I know this can look a lot like a duplicate of Vim wrap only current line, but none of the answers give a real solution to the original problem, as all of them state that per-line soft wrapping is not possible, proposing alternatives like hard wrapping the line and undoing the change afterwards, or showing the wrapped line in an ad-hoc buffer.
Furthermore, 6 years have passed, Vim has improved, and I wonder if new solutions exist.
A strategy that looks promising to me is to have an autocmd CursorHold
showing a popup populated by the current line only, with horizontal scrolling taking into account stuff I use all the time, like number
, relativenumber
, list lcs
.
Leaving aside for now the autocmd
/augroup
part of the strategy, what I've come up with is the following,
function! Foo()
call popup_create(getline('.'),
\ #{ line: 'cursor', col: screencol() - virtcol('.') + 1, moved: [line('.'), 0, col('$')], })
endfunction
which does a pretty good job in terms of formatting,
Except that the line is not syntax-colored (the 3
would have to be the same color as the other digits a few lines above).

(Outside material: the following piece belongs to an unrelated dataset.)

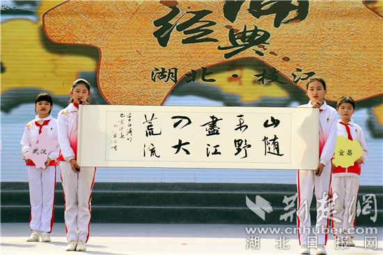詩詞書法開啟“同聲誦經典,枝江我的家”點亮儀式。(實習生 徐麗花 攝)
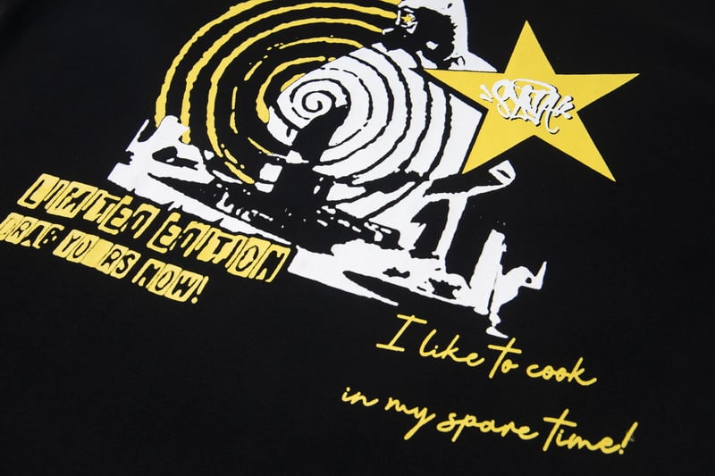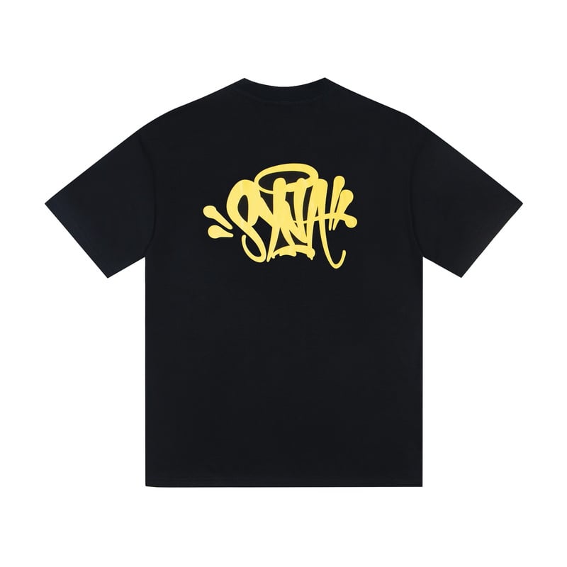Syna World Print Yellow pattern loose Round neck T-shirt Black セットアップ プリント イエロー パターン ゆったり クルーネック Tシャツ ブラック

I've found out that the first argument to popup_create
can be a buffer number, which means that popup will be populated with that buffer. This seems useful, but I haven't been able to use it to show only the current line. I can start from the current line, via firstline
option, but don't know how to set a final line, as lastline
doesn't do the job¹ (probably I don't understand what it is for). Here's the second attempt I'm referring to:
function! Foo()
call popup_setoptions(
\ popup_create(
\ bufnr('.'),
\ #{ line: 'cursor', col: screencol() - virtcol('.') + 1, moved: [line('.'), 0, col('$')], }
\ ),
\ #{ wrap: 1, firstline: line('.')})
endfunction
Well, there's also the problem of the background of the popup, but that's likely easier to fix.
(¹) In the sense that I get the same output as the one in second screenshot, whther or not I put lastline: line('.') + 1
or lastline: line('.')
in in popup_setoptions
's second argument.
lastline: line('.') + 1
? Also test without +1. Adding info to the question helps.